## [Data below]
-- Opening Marker --
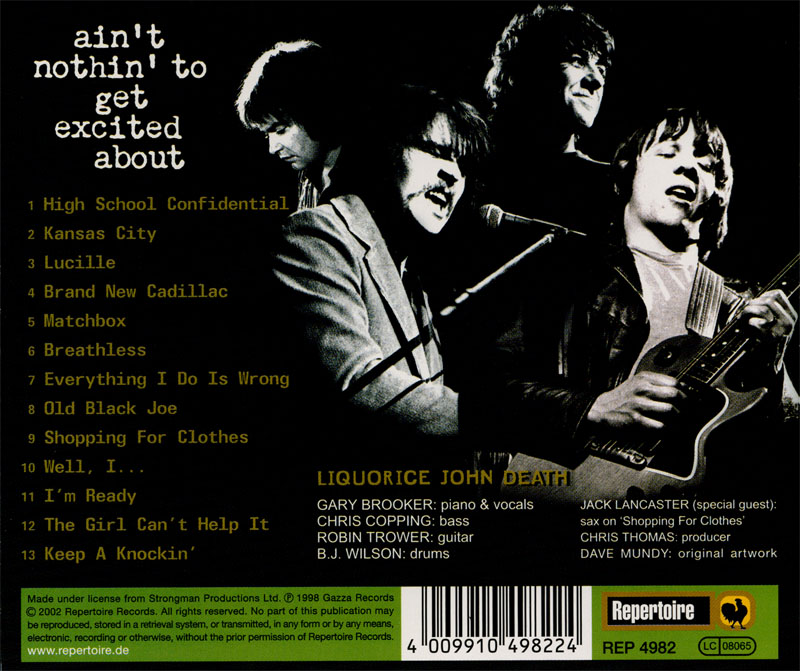 Maybe the powers that be didn’t think Procol Harum should be recording a rock’n’roll album at that stage in their career, even under a pseudonym. Or perhaps it was felt that Liquorice John Death wouldn’t receive the attention it deserved. Maybe it was simply due to carelessness that, once completed, the precious tape vanished from the band’s possession.
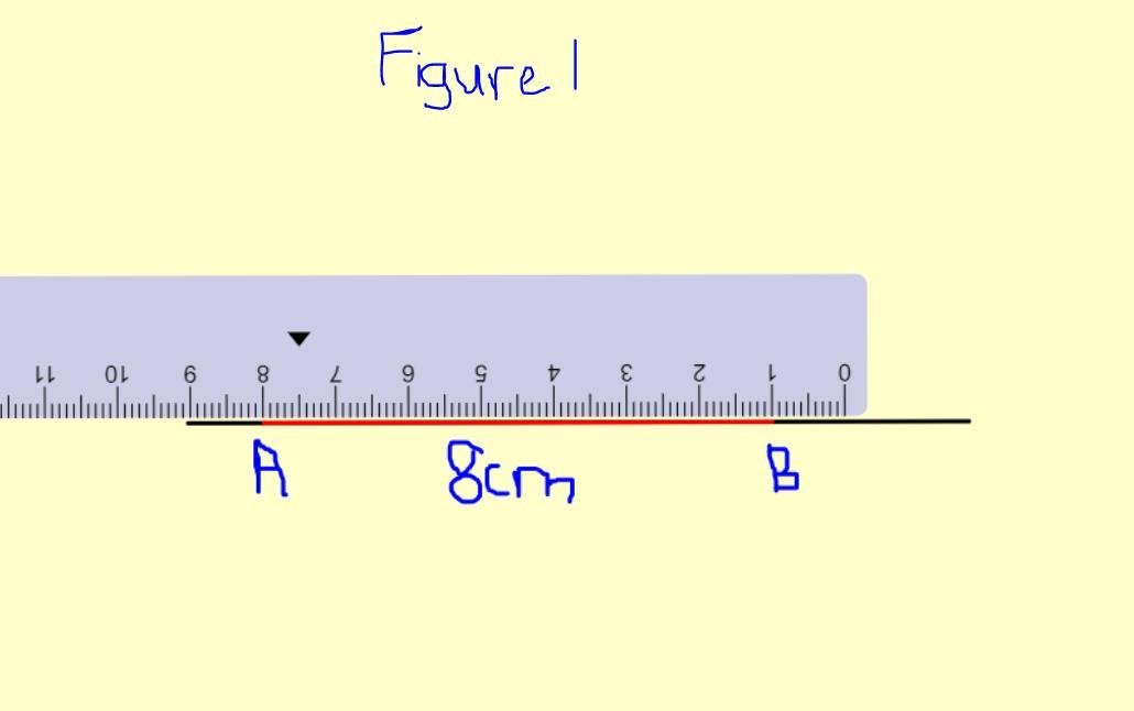 i. Using your ruler, draw a line AB with length 8cm as shown in Figure 1. This will give AB = 8cm
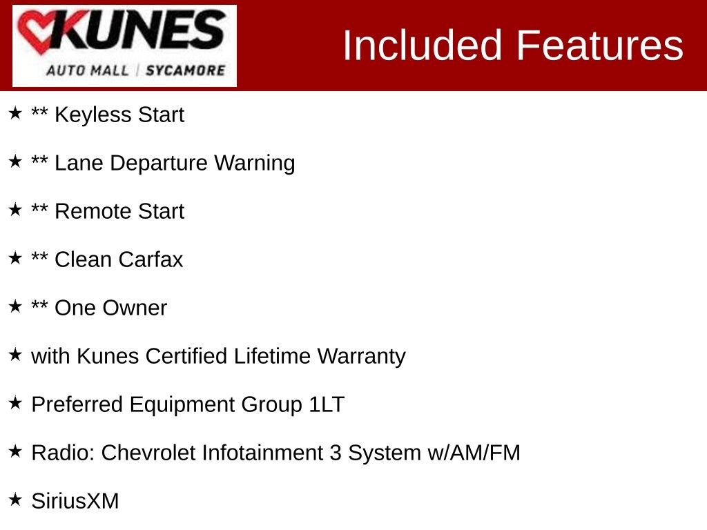 While we make every effort to ensure the data listed here is correct, there may be instances where some of the factory rebates, incentives, options or vehicle features may be listed incorrectly as we get data from multiple data sources. PLEASE MAKE SURE to confirm the details of this vehicle with the dealer to ensure its accuracy. Dealer cannot be held liable for data that is listed incorrectly. * MSRP is the Manufacturer's Suggested Retail Price (MSRP) of the vehicle. It does not include any tax, title, license or $367.70 documentary service fee. Consult the dealer for fees, payments and complete details. Consumers, please be aware that the above advertised price assumes you are purchasing the vehicle from the Kunes Auto Group dealership where it is listed as being offered for sale. If the vehicle is transferred from one location to another, a transfer fee for this transportation of $300 will be added to the purchase transaction. If you would like to purchase such vehicle without paying a transfer fee, you can take delivery of the vehicle at the store it is listed as being sold from and avoid the additional transfer fee. Shipping fees vary depending on location, contact dealer for shipping details and costs.
-- Closing Marker --
## [Work to complete]
Write out the whole listing exactly, with no pictures.

## [Answer to the problem]
 Maybe the powers that be didn’t think Procol Harum should be recording a rock’n’roll album at that stage in their career, even under a pseudonym. Or perhaps it was felt that Liquorice John Death wouldn’t receive the attention it deserved. Maybe it was simply due to carelessness that, once completed, the precious tape vanished from the band’s possession.
 i. Using your ruler, draw a line AB with length 8cm as shown in Figure 1. This will give AB = 8cm
 While we make every effort to ensure the data listed here is correct, there may be instances where some of the factory rebates, incentives, options or vehicle features may be listed incorrectly as we get data from multiple data sources. PLEASE MAKE SURE to confirm the details of this vehicle with the dealer to ensure its accuracy. Dealer cannot be held liable for data that is listed incorrectly. * MSRP is the Manufacturer's Suggested Retail Price (MSRP) of the vehicle. It does not include any tax, title, license or $367.70 documentary service fee. Consult the dealer for fees, payments and complete details. Consumers, please be aware that the above advertised price assumes you are purchasing the vehicle from the Kunes Auto Group dealership where it is listed as being offered for sale. If the vehicle is transferred from one location to another, a transfer fee for this transportation of $300 will be added to the purchase transaction. If you would like to purchase such vehicle without paying a transfer fee, you can take delivery of the vehicle at the store it is listed as being sold from and avoid the additional transfer fee. Shipping fees vary depending on location, contact dealer for shipping details and costs.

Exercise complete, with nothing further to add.